◆ PROVIDED RECORDS:
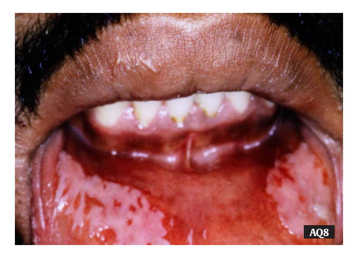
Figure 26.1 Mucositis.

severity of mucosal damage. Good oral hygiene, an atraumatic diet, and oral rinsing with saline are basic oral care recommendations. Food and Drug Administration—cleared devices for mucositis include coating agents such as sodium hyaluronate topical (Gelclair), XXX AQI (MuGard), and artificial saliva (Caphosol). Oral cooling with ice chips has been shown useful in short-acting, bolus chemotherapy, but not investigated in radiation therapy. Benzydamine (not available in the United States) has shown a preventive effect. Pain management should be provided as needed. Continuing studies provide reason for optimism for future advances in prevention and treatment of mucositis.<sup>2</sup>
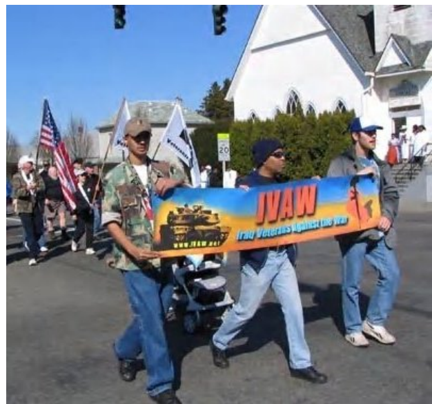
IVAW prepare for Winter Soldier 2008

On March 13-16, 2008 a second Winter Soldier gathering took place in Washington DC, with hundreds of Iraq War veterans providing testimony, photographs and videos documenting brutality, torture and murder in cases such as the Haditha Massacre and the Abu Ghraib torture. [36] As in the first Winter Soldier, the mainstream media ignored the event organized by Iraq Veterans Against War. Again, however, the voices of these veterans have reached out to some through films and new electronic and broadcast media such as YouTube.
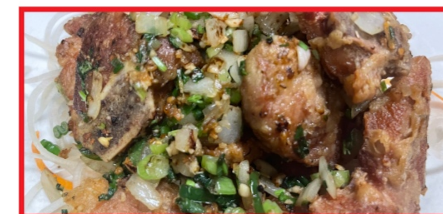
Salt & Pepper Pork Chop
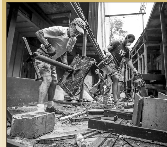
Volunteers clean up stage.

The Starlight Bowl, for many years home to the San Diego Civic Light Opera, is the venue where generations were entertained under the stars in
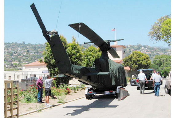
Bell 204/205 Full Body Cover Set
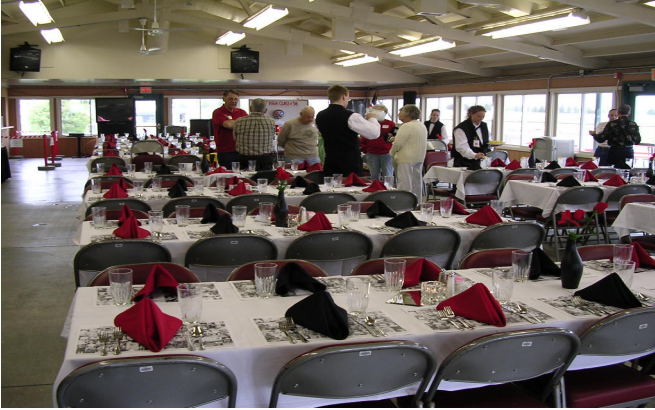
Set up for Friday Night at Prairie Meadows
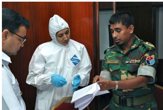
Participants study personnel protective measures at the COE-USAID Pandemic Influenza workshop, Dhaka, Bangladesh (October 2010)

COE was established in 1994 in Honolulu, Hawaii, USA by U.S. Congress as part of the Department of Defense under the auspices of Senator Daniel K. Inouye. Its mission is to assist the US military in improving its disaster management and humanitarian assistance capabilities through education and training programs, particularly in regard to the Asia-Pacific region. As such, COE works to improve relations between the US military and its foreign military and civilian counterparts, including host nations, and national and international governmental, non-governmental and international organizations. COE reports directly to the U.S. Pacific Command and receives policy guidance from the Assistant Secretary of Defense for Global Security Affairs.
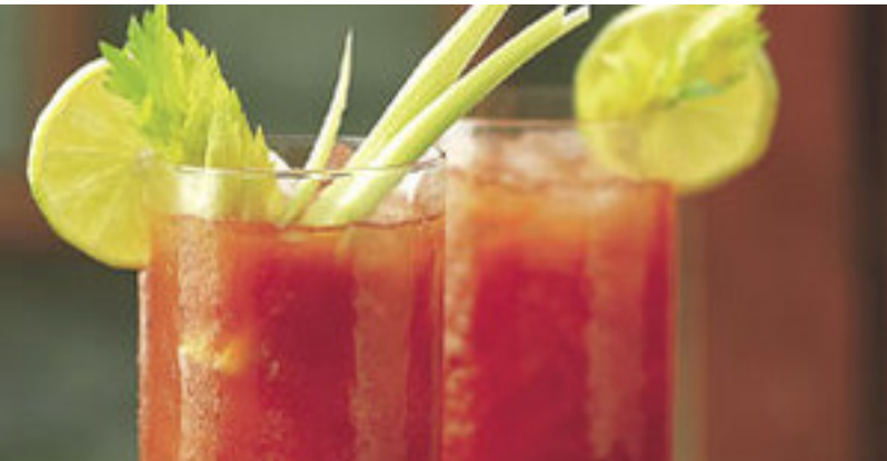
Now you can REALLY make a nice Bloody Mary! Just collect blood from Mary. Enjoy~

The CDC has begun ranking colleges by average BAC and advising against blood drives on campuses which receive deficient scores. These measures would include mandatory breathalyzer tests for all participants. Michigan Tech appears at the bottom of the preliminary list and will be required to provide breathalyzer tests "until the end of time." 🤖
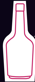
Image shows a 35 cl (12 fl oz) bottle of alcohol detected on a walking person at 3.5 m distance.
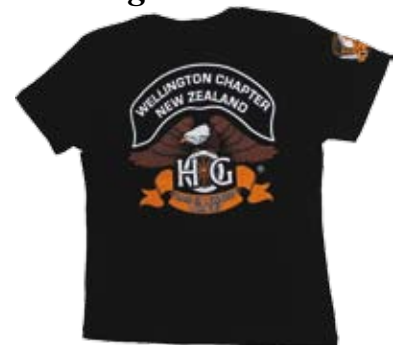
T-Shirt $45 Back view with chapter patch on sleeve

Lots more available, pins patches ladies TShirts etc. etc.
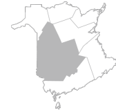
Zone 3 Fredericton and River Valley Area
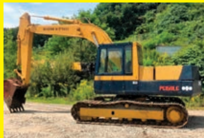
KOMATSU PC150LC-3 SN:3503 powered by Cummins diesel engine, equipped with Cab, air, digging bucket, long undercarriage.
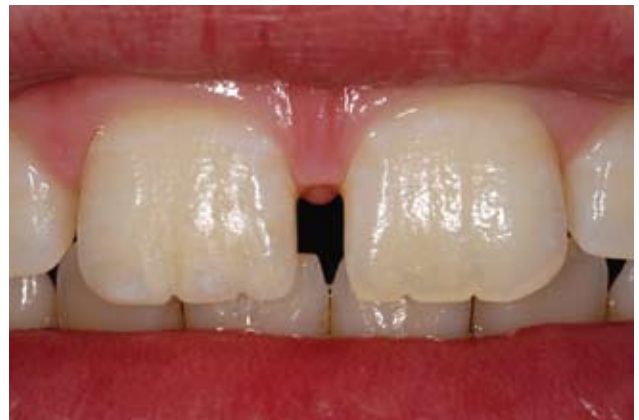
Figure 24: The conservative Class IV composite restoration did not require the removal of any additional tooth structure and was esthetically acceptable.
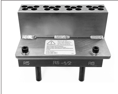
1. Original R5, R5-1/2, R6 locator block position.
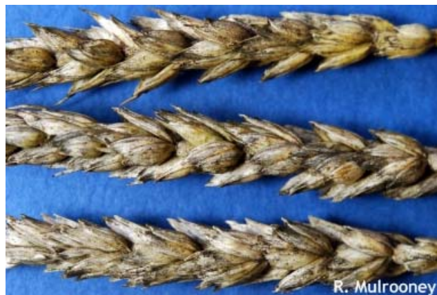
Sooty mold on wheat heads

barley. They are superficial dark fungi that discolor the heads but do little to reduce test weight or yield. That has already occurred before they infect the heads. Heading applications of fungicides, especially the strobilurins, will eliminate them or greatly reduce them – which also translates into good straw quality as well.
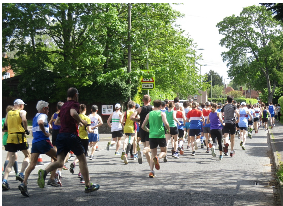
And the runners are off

◆ EXERCISE DIRECTIONS:
Search the preceding listing for "will", then copy every line that holds it.

◆ OUTPUT FOR THIS TASK:
The CDC has begun ranking colleges by average BAC and advising against blood drives on campuses which receive deficient scores. These measures would include mandatory breathalyzer tests for all participants. Michigan Tech appears at the bottom of the preliminary list and will be required to provide breathalyzer tests "until the end of time." 🤖
barley. They are superficial dark fungi that discolor the heads but do little to reduce test weight or yield. That has already occurred before they infect the heads. Heading applications of fungicides, especially the strobilurins, will eliminate them or greatly reduce them – which also translates into good straw quality as well.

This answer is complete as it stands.